On Latina Equal Pay Day, November 1, 2016, Cynthia Nimmo, President and CEO, Women’s Funding Network, and Elizabeth Barajas-Román, CEO, Women’s Fund of Western Massachusetts—two Latina leaders of the women’s philanthropy community—reflect on what is needed to close the gender way gap—for all women. 

 

“I was born in the United States into a bi-national family. Many of my family in Peru have emigrated to the U.S. over the years, including my own mother who arrived in the 1960s. I know what the life of a Latino immigrant looks like. I believe that hard work at a good job should result in a living wage. Today, I acknowledge, that sadly, it does not—least of all for Latinas.”

—Cynthia Nimmo, President and CEO, Women’s Funding Network

We are Latinas. Latinas typically earn 54 cents for every dollar earned by white, non-Hispanic men, which means she must work nearly 23 months to earn what white men earn in 12 months. For perspective, that is a bigger pay gap than the average white woman experienced in 1960.

Women’s Equal Pay Day passed us by on April 12—the day the average woman must work into the next year to earn the equivalent of what the average man earned in the previous year. African–American Women’s Equal Pay Day followed much later in the year on August 23. Now, it’s November 1st, and finally it’s Latina Equal Pay Day.

The preceding equal pay days evoke outrage, but words almost fail us at moments like this.

That’s why today we join the Labor Council for Latin American Advancement, National Hispanic Leadership Agenda, the AFL-CIO, National Women’s Law Center, and others in a day of action for Latina Women’s Equal Pay Day (latinaequalpay.org).
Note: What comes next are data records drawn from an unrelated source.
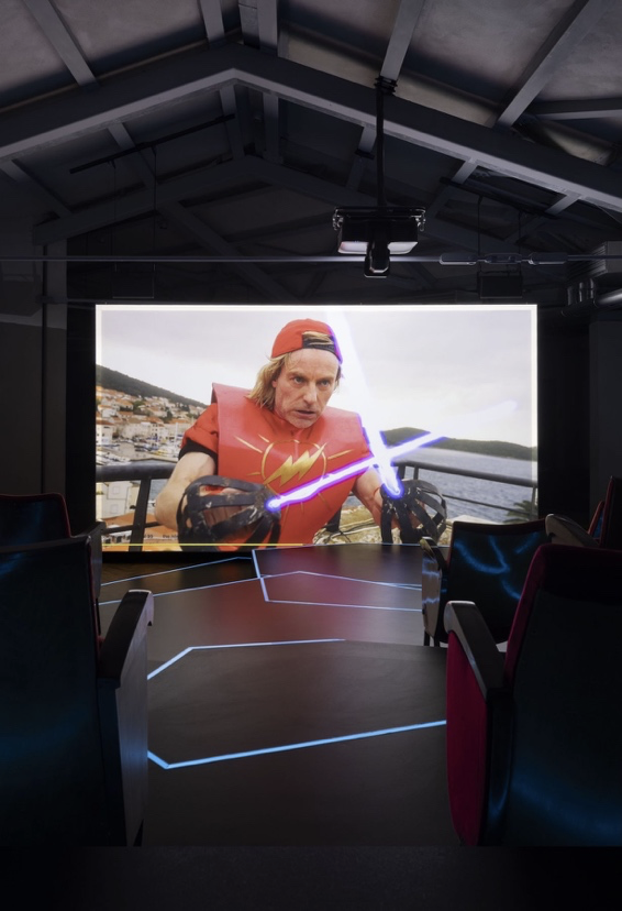 新作展「The Island」の会場となるプラダ財団のペントハウスギャラリーでは、その暗転した内部に映像作品とビデオスカルプチャーが設置されている。床面には映画『トロン』を思わせる青い発光ラインが走り、来場者を誘導する。本展は、同名の荒唐無稽な映像作品《The Island》を中心に展開している。そこには、1980年代の映画から抜け出してきたかのような『フラッシュ・ゴードン』のアバターがコミカルな主人公として現れ(ドイツ人俳優マルク・ヴァシュケが愛嬌たっぷりに演じている)、絵はがきのように美しいクロアチアの島町コルチュラの街路を舞台に、「世界を救う」べく奔走する。コルチュラという場所の選択には、クロアチア出身のSF史家ダルコ・スーヴィンの存在が関わっているだけでなく、沖合で発見された、新石器時代にさかのぼる人為的な人工島遺構の物語にも結びついている。第二次世界大戦期の幼少時代について語るスーヴィンの回想は、AIで生成された映像やフラッシュ・ゴードンの冒険場面のあいだに織り込まれていく。こうした要素が重なり合うことで、この場所にはさらに複層的な意味が付与されている。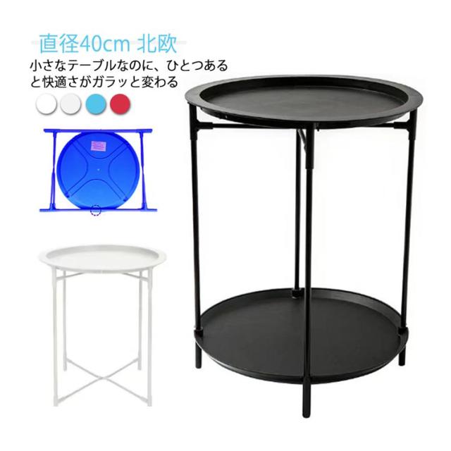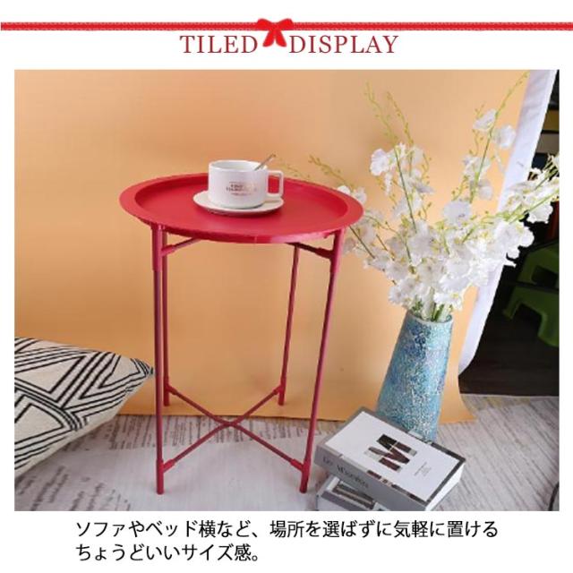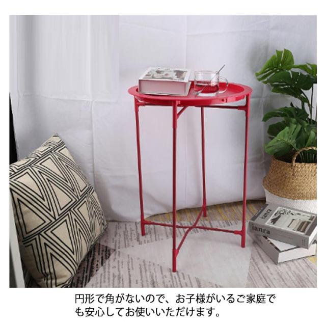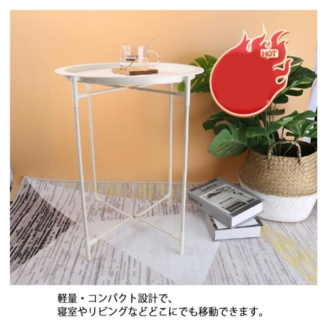 サイドテーブル スチール ソファーテーブル おしゃれ ナイトテーブル 丸型 北欧 お洒落 折りたたみ シンプル ミニテーブル コーヒーテーブル ベッドサイド カフェ風 サイドテーブル 組立簡単 高さ50.5cm インテリア ギフト プレゼント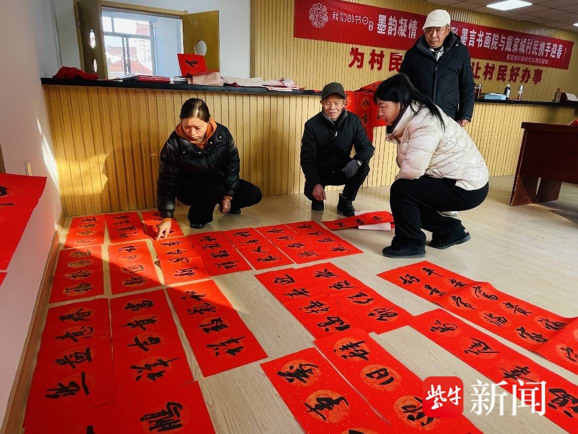 据了解,高淳区墨言书画院成立于2019年9月,书画院荟萃了一批高淳当地书画精英。他们中有中国书协、美协会员多人,省市书协、美协会员十余人,县书协、美协会员近 20余人。活动现场,书法家们凝神静气,笔走龙蛇,一副副寓意吉祥的对联在笔下一气呵成。与此同时,村委工作人员忙着为年纪大的老年人挑选春联。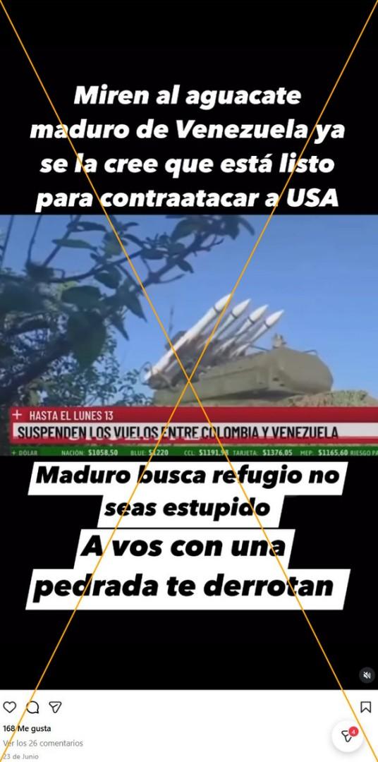 La afirmación se comparte junto con imágenes del medio argentino La Nación Más, en el que se escucha: “Miren esto, se dan a conocer las primeras imágenes de la decisión del régimen de Nicolás Maduro de desplegar el sistema de misiles antiaéreos en Venezuela. Quien difunde las imágenes es Domingo Hernández Lárez, comandante estratégico operacional de la Fuerza Armada”.
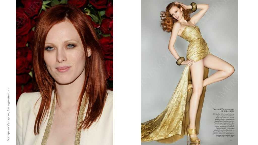Еще один пример роскошной яркости осеннего цветотипа: светлая кожа, карие глаза, ярко-рыжие волосы.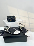 SL Cassandra Croc-Embossed Thong Sandals Black White Leather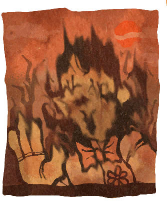 The centerpiece of the festivities does not catch on fire part way through being woven this year; not that it would reach much of a blaze. They call it a husk; woven of bare stripped stalks and stems, thin dried branches. A tower of what is left after the harvest to creak in the wind. At the far edge of autumn the husk is burned; a bonfire on the brink of winter. Gail herself is taller than the husk this year. The shape it is made into differs across years, and for reasons she had somehow not quite picked up on, is in the vague shape of a bird. The children work together on it throughout the day and singing begins in the afternoon.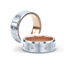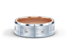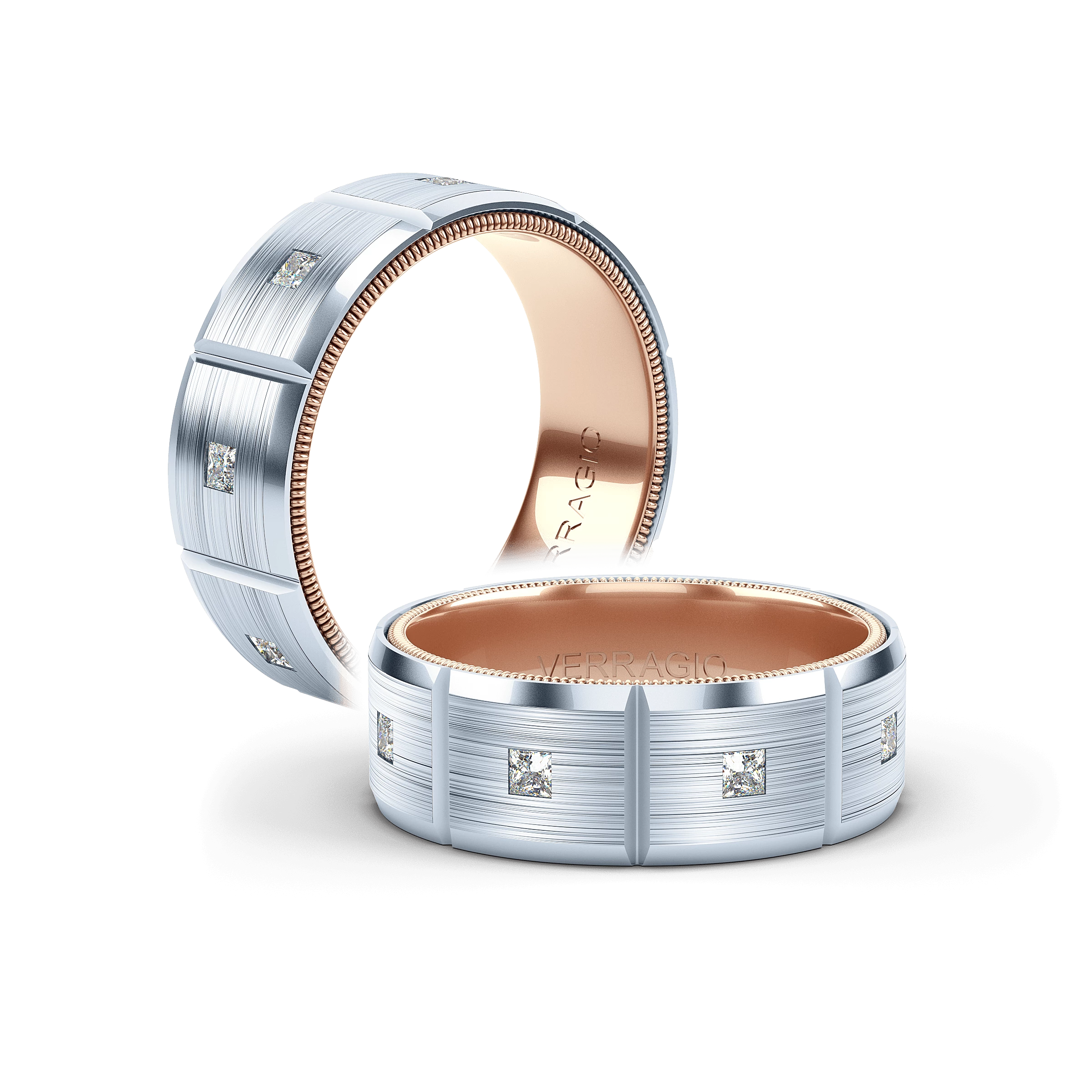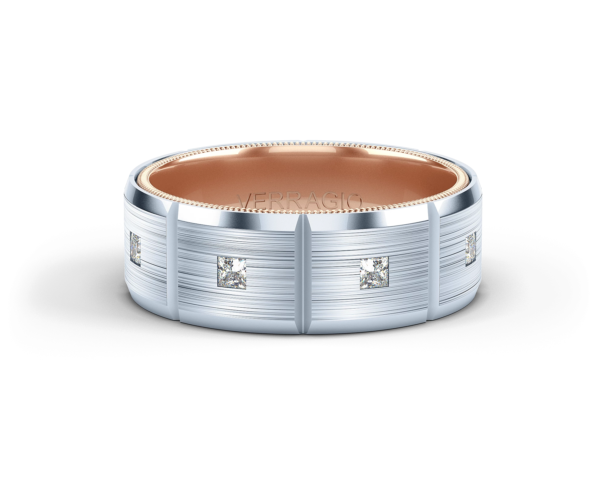 VWD-8906 is a modern matte finish Geometric 8MM width diamond men's band. Adorned with princess cut diamonds throughout the band, the skillfully high polished edges are enhanced by Verragio's signature rose gold beading.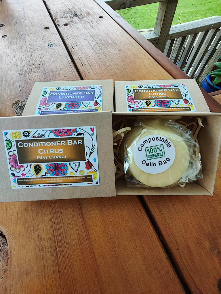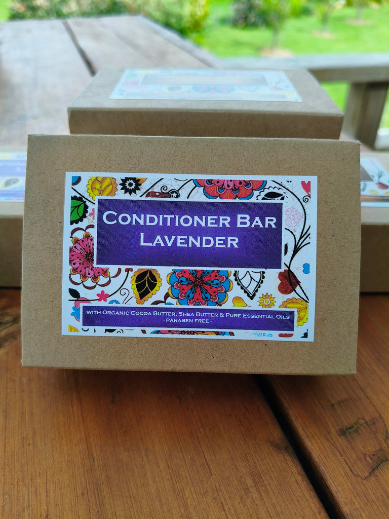Conditioner bars are exciting! They are a highly concentrated bar to nourish your hair, and lovingly handmade by us with ingredients that can help heal, moisturise, regenerate and strengthen your hair. Our bars are designed for use under wet conditions such as in the shower after you've shampooed. However you can also use it on towel-dried damp or dry hair to style your hair, or help tame fly away hair, dry ends, as well as to de-tangle.Simply apply the conditioner bar directly onto your wet hair. Gently stroke over your hair, starting at the top and working down toward the ends. Leave it in for a few minutes to maximise the nourishment. Rinse out. For best results and so the bar lasts for the longest time, keep the bar dry in between uses.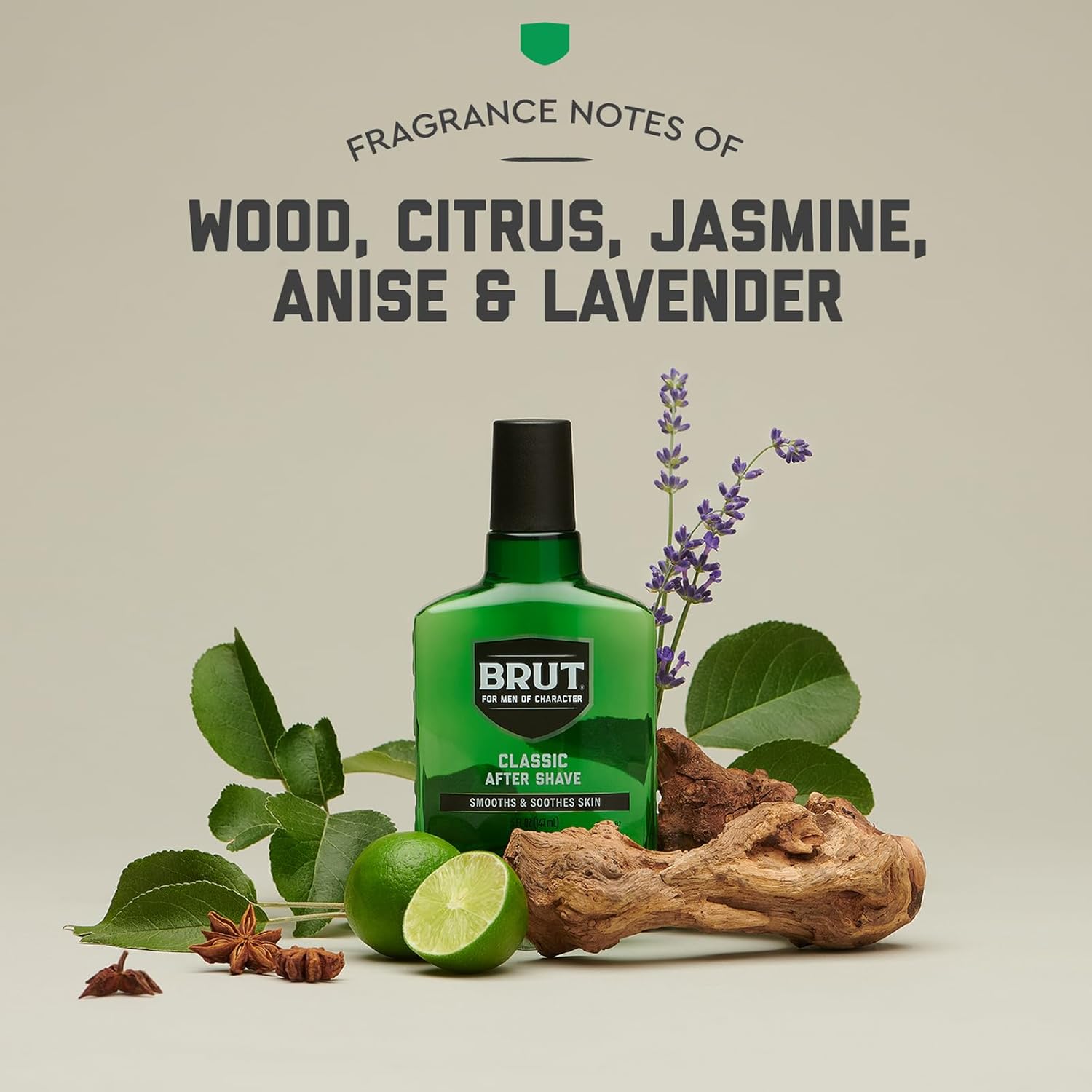 • BOLD, MASCULINE FRAGRANCE. With the classic masculine BRUT fragrance of spicy wood, florals, and citrus notes, this scented after shave for men is designed for individuals who want to smell unique and fresh, all day long.

As CEO of Women’s Funding Network, Cynthia leads a network of 100 women’s funding organizations, all of them investing in building a better world for women and girls. Forty-four of these foundations (to see a full list visit the Women’s Funding Network Interactive Funding Map and filter on Economic Security) invest in women’s economic security as a grantmaking priority. In 2015, that resulted in $74.6M being invested in programs to move women and their families out of poverty.

 

“Like Cynthia, I know the profound impact gender combined with race discrimination can have on a family. I am a first-generation Mexican–American, and it is also my privilege, as the CEO of the Women’s Fund of Western Massachusetts, to be part of a movement of local leaders who are making progress toward gender equity by centering on women of color.”

—Elizabeth Barajas-Román, CEO, Women’s Fund of Western Massachusetts

 

We have seen significant milestones reached in the last year. Women’s foundations have been working at a direct service level to increase women’s access to financial literacy or negotiation training, building cross-sector partnerships at the community level that encourage solutions-orientated dialogue often with local businesses, and investing in research that can be used by advocates and policymakers to drive systems-level change.

What these programs look like varies widely depending on the foundation and the community it serves.

The Women’s Fund of Western Massachusetts (WFWM) invests in all of these levels. This year, they were part of a coalition that helped pass one of the toughest equal pay laws in the country, providing employers with a much-needed definition of “comparable work” entitled to equal pay, preventing employers from firing employees for discussing their compensation with co-workers, and banning employers from asking for a candidate’s salary history during the hiring process.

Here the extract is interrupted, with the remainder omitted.